═════ THE DATA

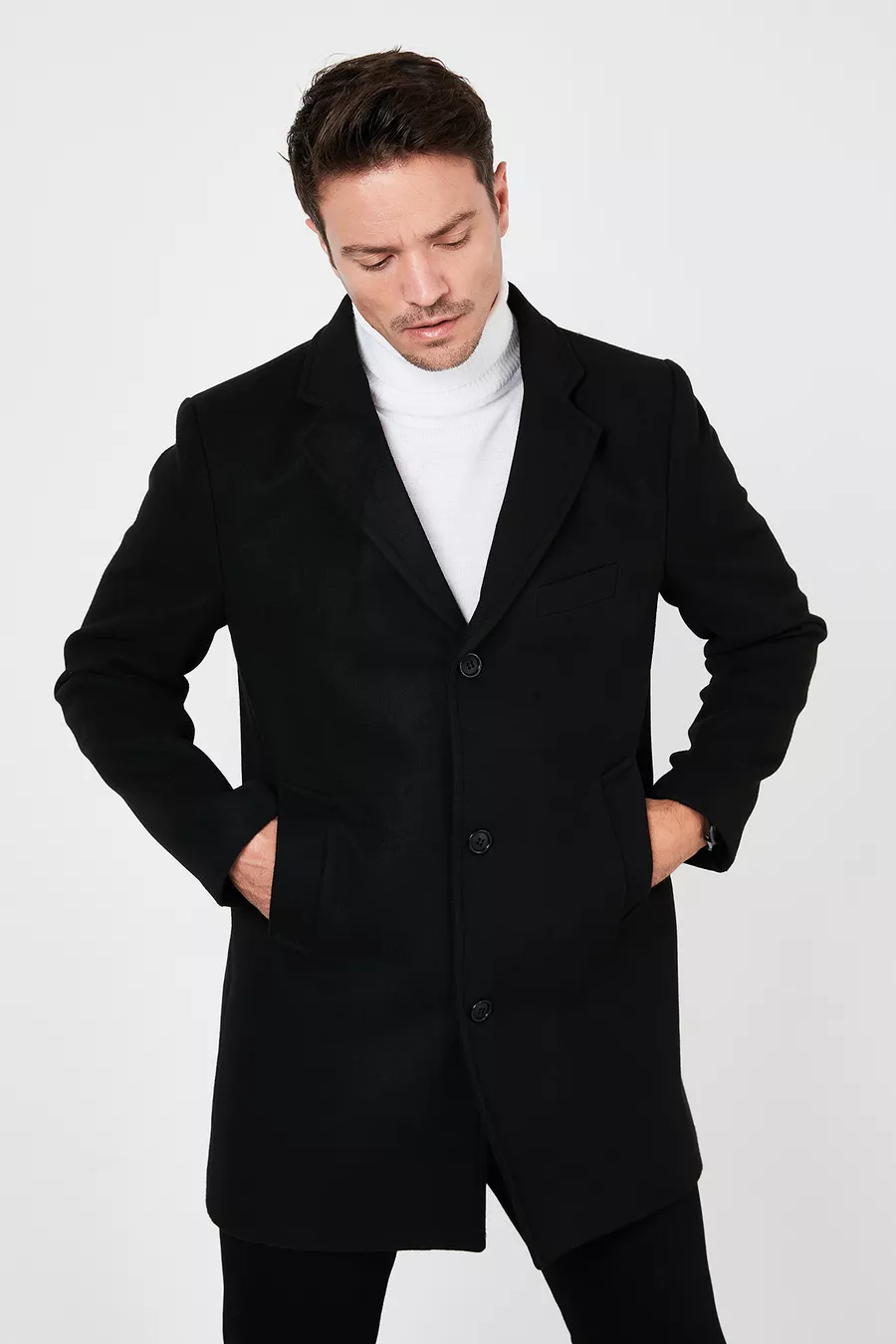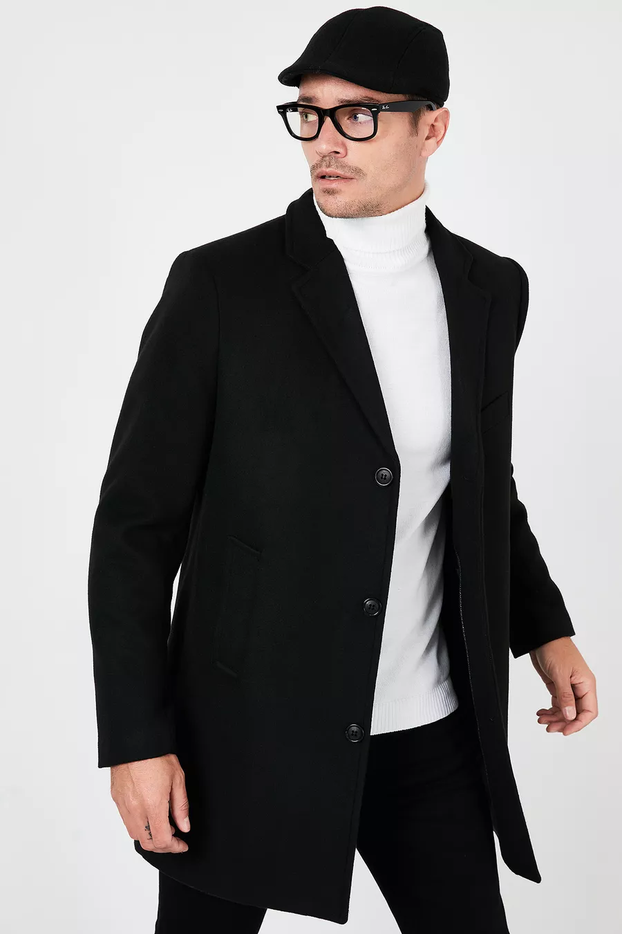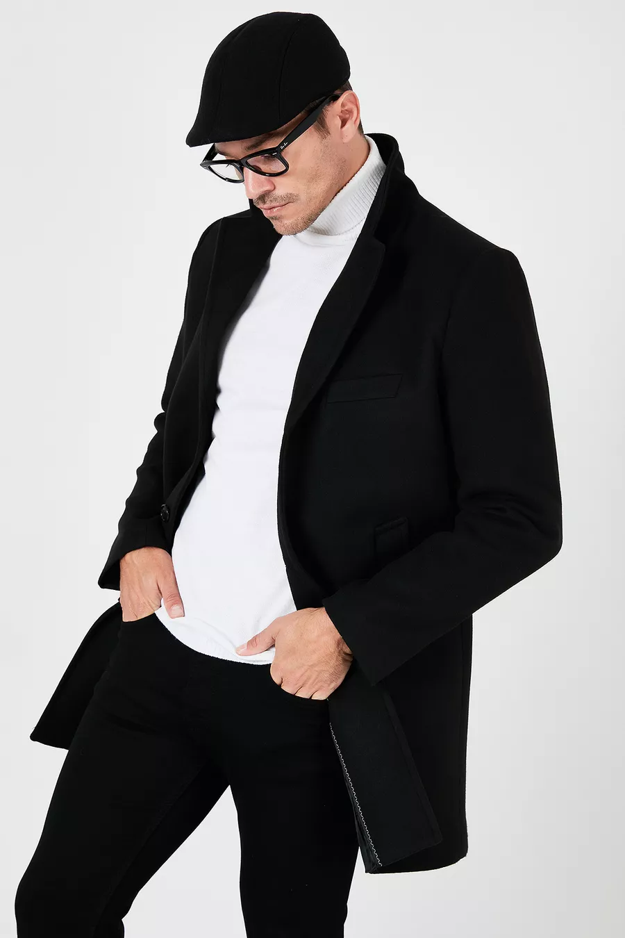 Cappotto da uomo in cashmere con tasca singola, collo a camicia, chiusura con bottoni, modello slim fit, art.
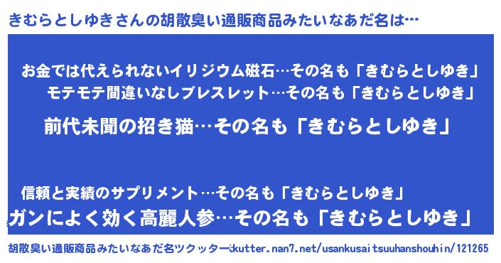 | ヘコむあだ名 | 『きむらとしゆき(小並感)』『きむにゅー』 |
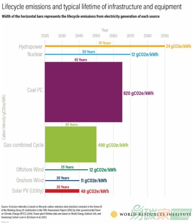電力公司需要建設新的發電廠以滿足不斷增長的電力需求,那么最終投建的電廠類型將帶來截然不同的排放結果。如下圖所示,即便假設每個發電廠每年在其各自的生命周期內能提供相同數量的電力,不同類型的發電廠所帶來的排放量也有顯著差異。以單位發電量產生的溫室氣體排放為例,一座預期使用壽命為50年的核電站,每千瓦時僅產生 12克溫室氣體 排放(gCO2e/kWh),而一座預期使用壽命為45年的化石燃煤電廠將產生前者68倍的溫室氣體排放 (820 gCO2e/kWh)。同樣,一座使用壽命為30年的天然氣聯合循環發電廠的排放量 (490 gCO2e/kWh) 是一座壽命為25年的海上風電設施的40倍以上 (12 gCO2e/kWh)。
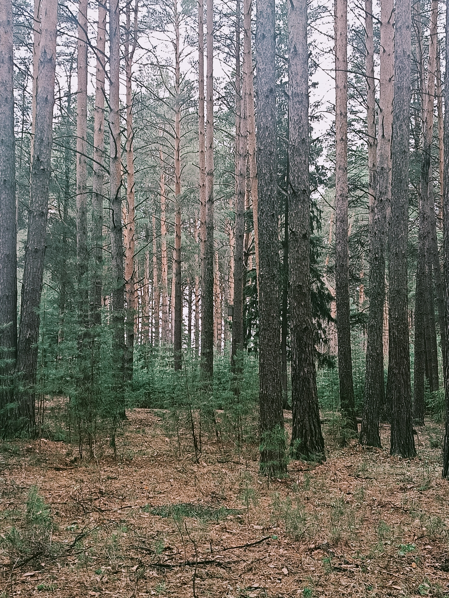 The image shows a dense pine forest located in Chaikovsky, Russia. The forest floor is covered with brown pine needles and small green shrubs. Numerous tall, straight pine trees dominate the scene, th…read more

══════════

EXERCISE AIM. Emit the lines of the data above from the one containing "ヘコむあだ名 | 『きむらとしゆき(小並感)』『きむにゅー』 |" through its final line, both endpoints included. Pictures do not belong in the output.

EXERCISE RESPONSE.
 | ヘコむあだ名 | 『きむらとしゆき(小並感)』『きむにゅー』 |
電力公司需要建設新的發電廠以滿足不斷增長的電力需求,那么最終投建的電廠類型將帶來截然不同的排放結果。如下圖所示,即便假設每個發電廠每年在其各自的生命周期內能提供相同數量的電力,不同類型的發電廠所帶來的排放量也有顯著差異。以單位發電量產生的溫室氣體排放為例,一座預期使用壽命為50年的核電站,每千瓦時僅產生 12克溫室氣體 排放(gCO2e/kWh),而一座預期使用壽命為45年的化石燃煤電廠將產生前者68倍的溫室氣體排放 (820 gCO2e/kWh)。同樣,一座使用壽命為30年的天然氣聯合循環發電廠的排放量 (490 gCO2e/kWh) 是一座壽命為25年的海上風電設施的40倍以上 (12 gCO2e/kWh)。
 The image shows a dense pine forest located in Chaikovsky, Russia. The forest floor is covered with brown pine needles and small green shrubs. Numerous tall, straight pine trees dominate the scene, th…read more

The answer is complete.